### What is needed
I need the lines below from the one with "Fabric coasters measure" down to the one with "- Hand screen-printed" reproduced exactly, both ends included, and nothing else.

### Listed entries
=== Section Start ===

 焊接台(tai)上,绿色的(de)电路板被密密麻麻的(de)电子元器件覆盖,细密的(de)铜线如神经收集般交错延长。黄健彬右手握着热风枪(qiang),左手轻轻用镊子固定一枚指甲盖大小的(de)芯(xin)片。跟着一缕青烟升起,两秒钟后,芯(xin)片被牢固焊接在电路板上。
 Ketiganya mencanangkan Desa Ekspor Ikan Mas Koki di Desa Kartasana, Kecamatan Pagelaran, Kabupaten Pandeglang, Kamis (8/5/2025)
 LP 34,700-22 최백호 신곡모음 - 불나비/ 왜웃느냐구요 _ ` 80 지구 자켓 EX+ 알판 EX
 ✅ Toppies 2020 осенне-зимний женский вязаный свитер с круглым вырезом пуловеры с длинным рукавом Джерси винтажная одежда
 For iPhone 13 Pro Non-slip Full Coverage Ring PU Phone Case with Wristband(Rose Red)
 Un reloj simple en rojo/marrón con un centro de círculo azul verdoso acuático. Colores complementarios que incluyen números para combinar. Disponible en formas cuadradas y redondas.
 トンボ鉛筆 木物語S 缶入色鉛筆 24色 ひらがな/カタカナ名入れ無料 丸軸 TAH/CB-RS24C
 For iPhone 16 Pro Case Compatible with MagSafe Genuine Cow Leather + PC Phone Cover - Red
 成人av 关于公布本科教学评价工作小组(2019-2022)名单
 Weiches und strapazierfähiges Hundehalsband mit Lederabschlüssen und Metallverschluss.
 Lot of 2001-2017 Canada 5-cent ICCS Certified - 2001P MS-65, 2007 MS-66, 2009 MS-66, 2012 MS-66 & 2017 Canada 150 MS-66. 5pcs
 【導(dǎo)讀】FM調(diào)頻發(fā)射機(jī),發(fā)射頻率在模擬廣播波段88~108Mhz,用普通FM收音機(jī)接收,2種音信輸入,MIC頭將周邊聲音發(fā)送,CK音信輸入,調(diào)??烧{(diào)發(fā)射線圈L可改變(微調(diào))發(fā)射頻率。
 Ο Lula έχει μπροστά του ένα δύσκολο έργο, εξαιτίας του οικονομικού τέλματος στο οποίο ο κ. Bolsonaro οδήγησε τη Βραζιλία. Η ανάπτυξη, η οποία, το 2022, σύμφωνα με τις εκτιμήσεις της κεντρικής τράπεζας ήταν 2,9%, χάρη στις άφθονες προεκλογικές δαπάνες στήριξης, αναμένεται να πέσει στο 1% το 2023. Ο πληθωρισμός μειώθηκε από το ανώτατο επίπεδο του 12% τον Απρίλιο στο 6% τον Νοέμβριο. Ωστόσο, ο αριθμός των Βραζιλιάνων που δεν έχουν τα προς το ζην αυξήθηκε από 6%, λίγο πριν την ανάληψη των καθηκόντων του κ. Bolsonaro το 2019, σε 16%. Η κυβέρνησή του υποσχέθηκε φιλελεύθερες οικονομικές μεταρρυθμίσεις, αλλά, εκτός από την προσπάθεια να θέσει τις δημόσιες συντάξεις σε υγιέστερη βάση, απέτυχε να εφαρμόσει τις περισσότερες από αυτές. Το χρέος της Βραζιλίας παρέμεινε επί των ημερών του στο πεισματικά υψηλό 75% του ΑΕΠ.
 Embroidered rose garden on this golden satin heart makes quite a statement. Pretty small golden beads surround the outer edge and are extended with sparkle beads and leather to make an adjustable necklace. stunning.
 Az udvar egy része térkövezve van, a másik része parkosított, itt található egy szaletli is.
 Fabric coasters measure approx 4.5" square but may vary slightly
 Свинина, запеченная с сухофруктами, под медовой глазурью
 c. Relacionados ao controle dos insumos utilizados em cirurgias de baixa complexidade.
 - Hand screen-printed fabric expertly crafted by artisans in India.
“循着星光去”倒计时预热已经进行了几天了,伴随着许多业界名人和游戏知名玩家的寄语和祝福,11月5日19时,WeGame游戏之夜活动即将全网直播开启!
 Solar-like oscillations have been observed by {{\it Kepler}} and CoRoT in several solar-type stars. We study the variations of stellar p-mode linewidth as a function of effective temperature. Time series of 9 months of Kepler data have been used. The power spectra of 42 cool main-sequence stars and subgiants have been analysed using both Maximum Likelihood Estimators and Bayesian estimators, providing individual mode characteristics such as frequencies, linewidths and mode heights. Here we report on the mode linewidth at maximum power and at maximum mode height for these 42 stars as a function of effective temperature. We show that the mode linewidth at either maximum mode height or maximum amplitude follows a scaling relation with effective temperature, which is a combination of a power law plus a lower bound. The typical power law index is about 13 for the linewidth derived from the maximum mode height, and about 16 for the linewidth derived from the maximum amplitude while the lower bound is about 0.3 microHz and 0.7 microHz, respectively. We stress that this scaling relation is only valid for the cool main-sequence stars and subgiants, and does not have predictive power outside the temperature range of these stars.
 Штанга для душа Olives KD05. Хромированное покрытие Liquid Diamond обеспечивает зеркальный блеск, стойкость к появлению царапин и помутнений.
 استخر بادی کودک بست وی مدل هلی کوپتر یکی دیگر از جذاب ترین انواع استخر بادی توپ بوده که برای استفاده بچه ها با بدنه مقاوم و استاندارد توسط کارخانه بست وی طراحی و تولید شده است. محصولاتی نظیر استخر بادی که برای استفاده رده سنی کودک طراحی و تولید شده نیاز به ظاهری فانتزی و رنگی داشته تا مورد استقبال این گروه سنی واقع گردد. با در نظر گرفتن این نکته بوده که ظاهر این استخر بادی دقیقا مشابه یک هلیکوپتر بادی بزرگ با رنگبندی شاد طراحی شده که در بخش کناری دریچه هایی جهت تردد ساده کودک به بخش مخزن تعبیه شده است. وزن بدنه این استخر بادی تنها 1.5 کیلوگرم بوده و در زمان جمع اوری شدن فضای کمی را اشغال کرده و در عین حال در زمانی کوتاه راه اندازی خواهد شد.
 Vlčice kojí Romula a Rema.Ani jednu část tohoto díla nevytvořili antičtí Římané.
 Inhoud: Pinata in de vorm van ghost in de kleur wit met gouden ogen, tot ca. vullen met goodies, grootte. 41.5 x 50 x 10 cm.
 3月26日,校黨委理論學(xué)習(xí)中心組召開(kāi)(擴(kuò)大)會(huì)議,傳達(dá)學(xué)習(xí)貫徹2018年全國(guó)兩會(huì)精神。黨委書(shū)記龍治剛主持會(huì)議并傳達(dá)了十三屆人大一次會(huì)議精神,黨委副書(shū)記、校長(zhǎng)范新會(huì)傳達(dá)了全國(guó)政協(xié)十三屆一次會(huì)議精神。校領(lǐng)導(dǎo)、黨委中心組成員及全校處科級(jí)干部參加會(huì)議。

=== Section End ===

### Completed exercise
 Fabric coasters measure approx 4.5" square but may vary slightly
 Свинина, запеченная с сухофруктами, под медовой глазурью
 c. Relacionados ao controle dos insumos utilizados em cirurgias de baixa complexidade.
 - Hand screen-printed fabric expertly crafted by artisans in India.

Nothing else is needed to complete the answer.